## [SUPPLIED DATA]
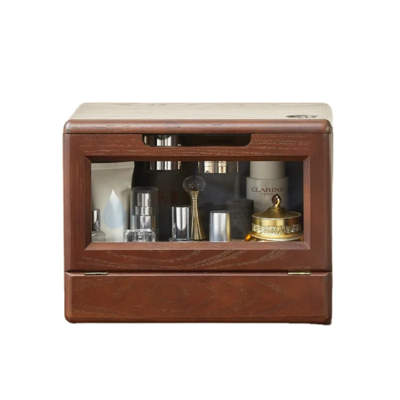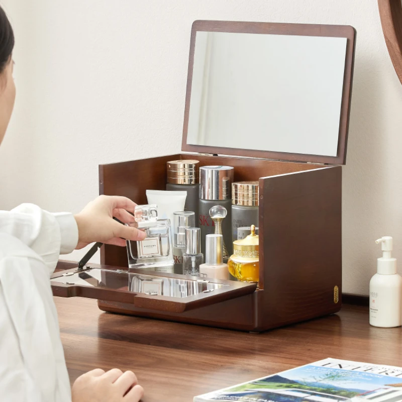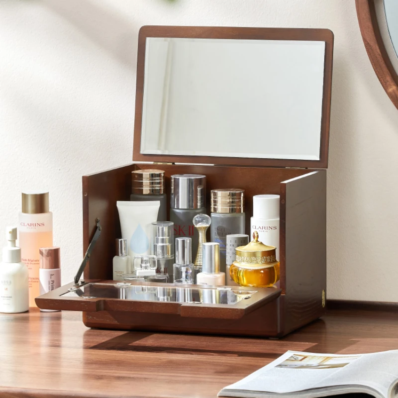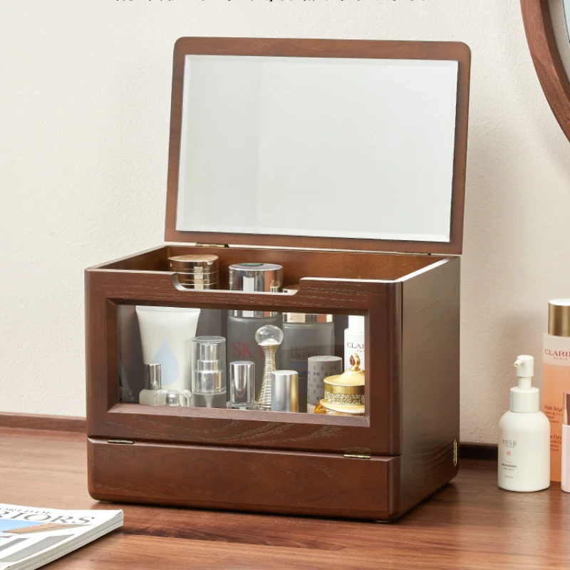 Wood Tape Mirror Storage Boxes Dustproof Visual Makeup Organizer Multifunctional Storage Makeup Clamshell Design Makeup Case - Купить с бесплатной доставкой
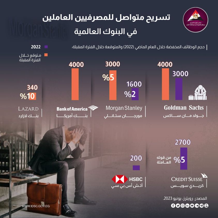 سلط مركز المعلومات ودعم اتخاذ القرار التابع لـ مجلس الوزراء الضوء على تسريح البنوك العالمية المتواصل للمصرفيين العاملين، حيث أوضح أنه مؤخرًا اتجهت البنوك العالمية نحو خفض العمالة نتيجة الأزمات المصرفية العالمية.
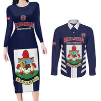 Custom Bermuda Football Couples Matching Long Sleeve Bodycon Dress and Long Sleeve Button Shirt 2025 Go Gombey Warriors - Blue
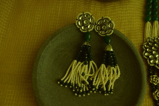 Silver Finish Sequnce rain drop stone necklace with stud -(Model 3)
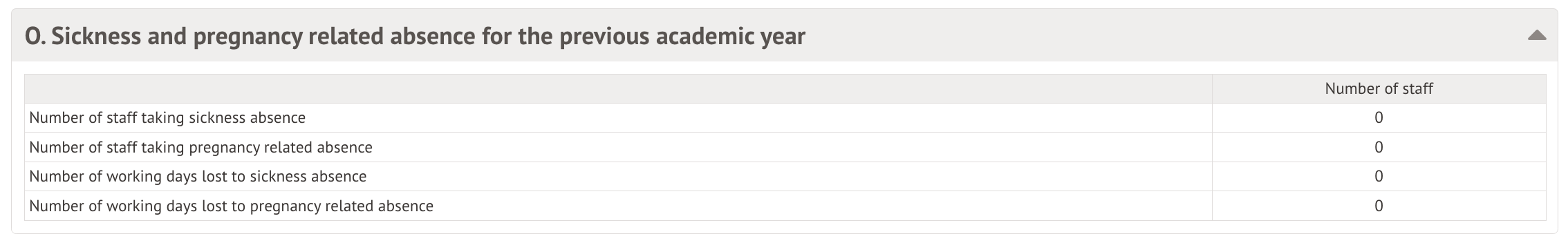 Table O: Sickness and pregnancy related absence for the previous academic year
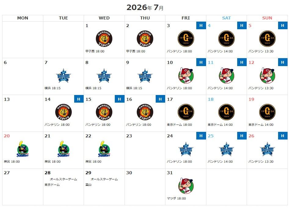 2026年セントラル・リーグ公式戦およびセ・パ交流戦 試合開始時間発表
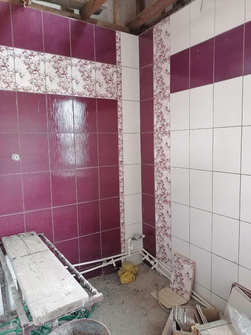 Первый этаж представляет собой просторную студию (зал-гостиная и кухня) свободной планировки (32 кв.м.), санузел. Проведена система "теплый пол". Санузел частично в кафеле. Имеется плитка для продолжения ремонта и керамогранит двух видов для напольного покрытия в зале. Окна ПВХ.
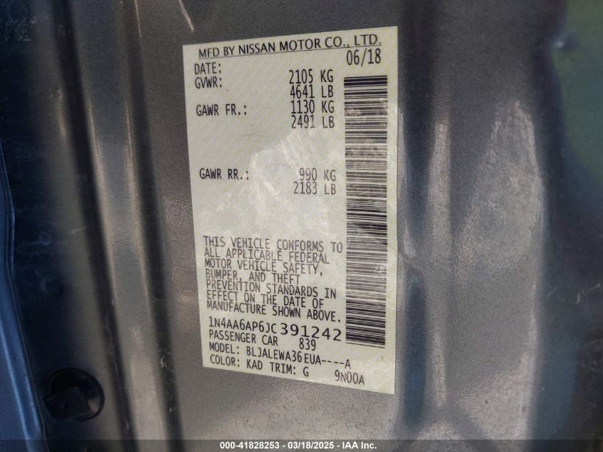 Color GrayCylinders 6Drive Front wheel driveVIN 1N4AA6AP6JC******State Run & Drive VerifiedDamage Left side AutoRIA
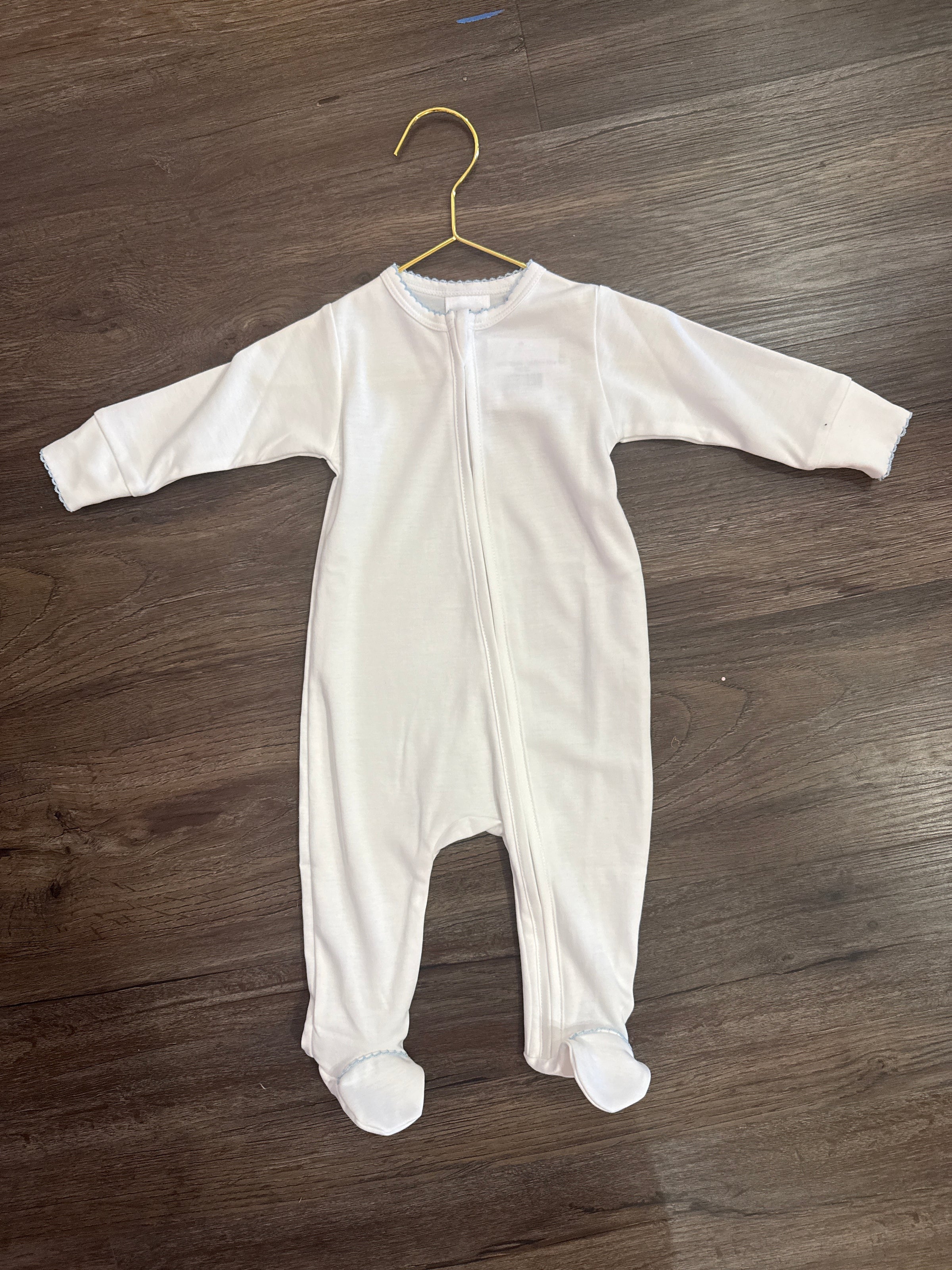 Cotton Zipper Footie - White w Blue Trim
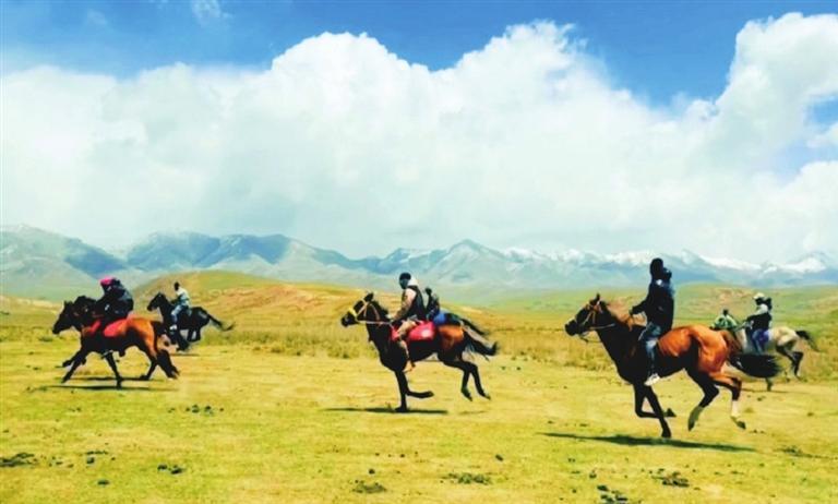 幾百匹賽馬組成的馬隊(duì)表演方陣,像團(tuán)團(tuán)移動(dòng)的彩云貼地而來,馬兒昂首蒼穹,嘯嘯歡鳴,圍觀的人群發(fā)出陣陣歡呼,這是草原人對馬的情感最熱烈的釋放。
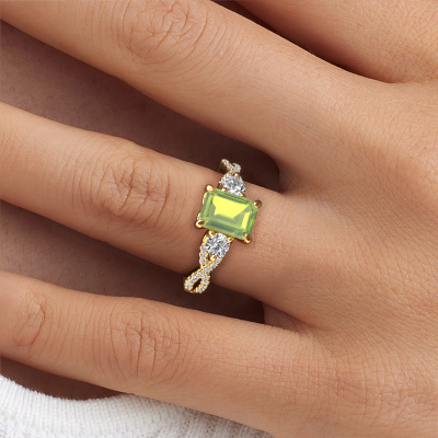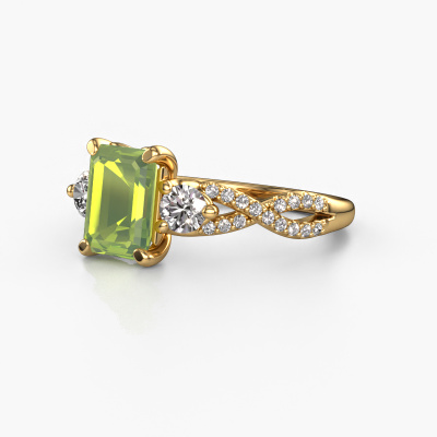 This 14 Carat gold ring is called Marilou EME and is set with peridot. How would you describe the style of the love of your life? Does she have a unique sense of style? This stunning split band gold engagement ring can be custom-made to your own or her liking. Our peridot gemstones have been carefully selected because we believe your luxury engagement ring must be adorned with nothing but the most beautiful gemstone. Don't you agree? This jewel is made to shine bright around your finger. Each jewel is hand made with love by our goldsmiths.After receiving your order, our goldsmiths will start the creative process of making your Marilou EME engagement ring. We don't keep stock. This is advantageous because these costs will not be passed on to you. Therefore, we can offer jewellery at exceptionally low prices.Do you have a specific ring in mind? One you came across somewhere. Please feel free to tell us your wishes and we will turn your design into a unique engagement ring. You can follow the development of your ring design because we use 3D drawings. This gives you a realistic preview of your design. We will gladly send you a non-binding offer, based on a fair price/ quality ratio. It will amaze you.To make it easier for you, we offer a 30 day return policy. Check our terms and conditions.
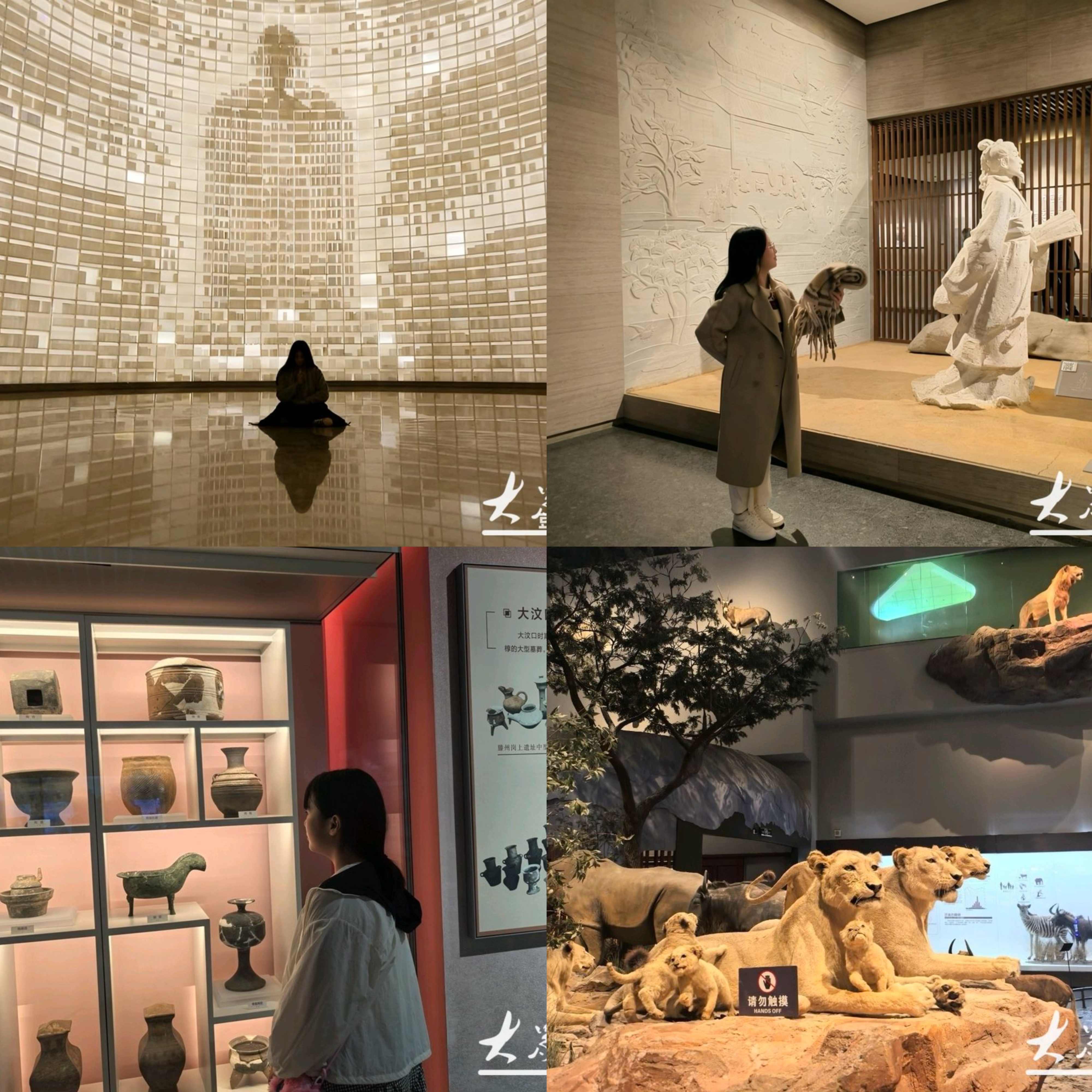 在孔子博物馆,一名女生站在立像前,轻轻将围巾搭在臂弯,模仿着先师侧身远望、持卷传道的姿态。衣袂翩然间,她与两千五百年前的孔子完成了一场无声的“隔空对影”。身旁的电子长卷上,青绿山水缓缓流淌,数字光影复刻出周游列国的车辙与城郭。如果说孔子博物馆是一场与圣贤的精神握手,那么山东省博物馆则是一次对齐鲁文明的系统解码。从“非洲野生动物大迁徙”展厅的生命律动,到“山东历史文化展”中大汶口彩陶、商周青铜的岁月留痕,队员们分工记录、热烈讨论,试图从陶器的纹路和礼器的形制中,梳理出文明起源的连续性。在“山东抗日战争主题展”的泛黄照片前,他们久久驻足,与讲解员深入交流,在电报手稿与战地日记里,触摸到红色文化的温度。
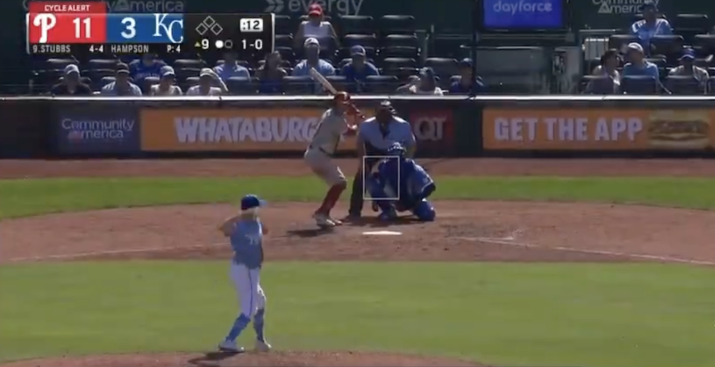 I love how RAJ is like, “He’s gotta get out of the way!” Real easy to say that 100 yards away in an air-conditioned booth. Did you see the movement on that heater? Do you know how locked in Stubbs probably was? Not to mention it was like 100° in Kansas City. The guy was probably seeing double. We’re in the 9th inning after he caught a game with 10 pounds of extra gear on him. The amount of electrolytes he lost would probably get a small child rushed to CHOP. He’s a borderline hero for what he was able to grind out.
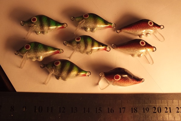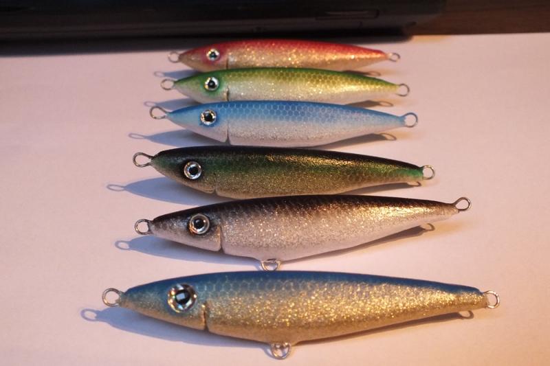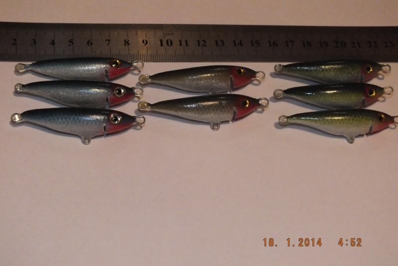 Przedstawiam owoce ostatniej pracy są to wykonane z balsy woblerki z tzw. jajem długość około 3.5 cm waga 4.5 gr wszystkie tonące.  A także slidery wykonane z lipy oklejane na próbę wydrukiem z drukarki laserowej na zwykłym cienkim papierze o długości  7.5cm i wadzę 20gr. Muszę jeszcze popracować nad tym oklejaniem, bo może dać niezły efekt przy dość płaskich woblerach. Pozdrawiam Pablo1988
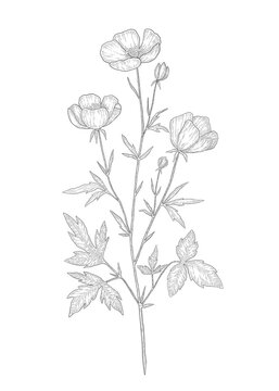 Historical Vector Illustration Of Buttercup Flowers Outlined Version By Picsburg 603
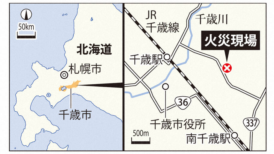 火災は発生から約3時間20分後の午後10時ごろに消し止められたが、木造2階建ての母屋と隣接する同平屋建ての離れの2棟延べ約350平方メートルが全焼し、軽トラックや軽貨物車なども焼けた。

## [EXERCISE]
Return the material from the line containing "Table O: Sickness" through the line containing "This 14 Carat", exactly and in full, but without its pictures.

## [RESULT OF THE TASK]
 Table O: Sickness and pregnancy related absence for the previous academic year
 2026年セントラル・リーグ公式戦およびセ・パ交流戦 試合開始時間発表
 Первый этаж представляет собой просторную студию (зал-гостиная и кухня) свободной планировки (32 кв.м.), санузел. Проведена система "теплый пол". Санузел частично в кафеле. Имеется плитка для продолжения ремонта и керамогранит двух видов для напольного покрытия в зале. Окна ПВХ.
 Color GrayCylinders 6Drive Front wheel driveVIN 1N4AA6AP6JC******State Run & Drive VerifiedDamage Left side AutoRIA
 Cotton Zipper Footie - White w Blue Trim
 幾百匹賽馬組成的馬隊(duì)表演方陣,像團(tuán)團(tuán)移動(dòng)的彩云貼地而來,馬兒昂首蒼穹,嘯嘯歡鳴,圍觀的人群發(fā)出陣陣歡呼,這是草原人對馬的情感最熱烈的釋放。
 This 14 Carat gold ring is called Marilou EME and is set with peridot. How would you describe the style of the love of your life? Does she have a unique sense of style? This stunning split band gold engagement ring can be custom-made to your own or her liking. Our peridot gemstones have been carefully selected because we believe your luxury engagement ring must be adorned with nothing but the most beautiful gemstone. Don't you agree? This jewel is made to shine bright around your finger. Each jewel is hand made with love by our goldsmiths.After receiving your order, our goldsmiths will start the creative process of making your Marilou EME engagement ring. We don't keep stock. This is advantageous because these costs will not be passed on to you. Therefore, we can offer jewellery at exceptionally low prices.Do you have a specific ring in mind? One you came across somewhere. Please feel free to tell us your wishes and we will turn your design into a unique engagement ring. You can follow the development of your ring design because we use 3D drawings. This gives you a realistic preview of your design. We will gladly send you a non-binding offer, based on a fair price/ quality ratio. It will amaze you.To make it easier for you, we offer a 30 day return policy. Check our terms and conditions.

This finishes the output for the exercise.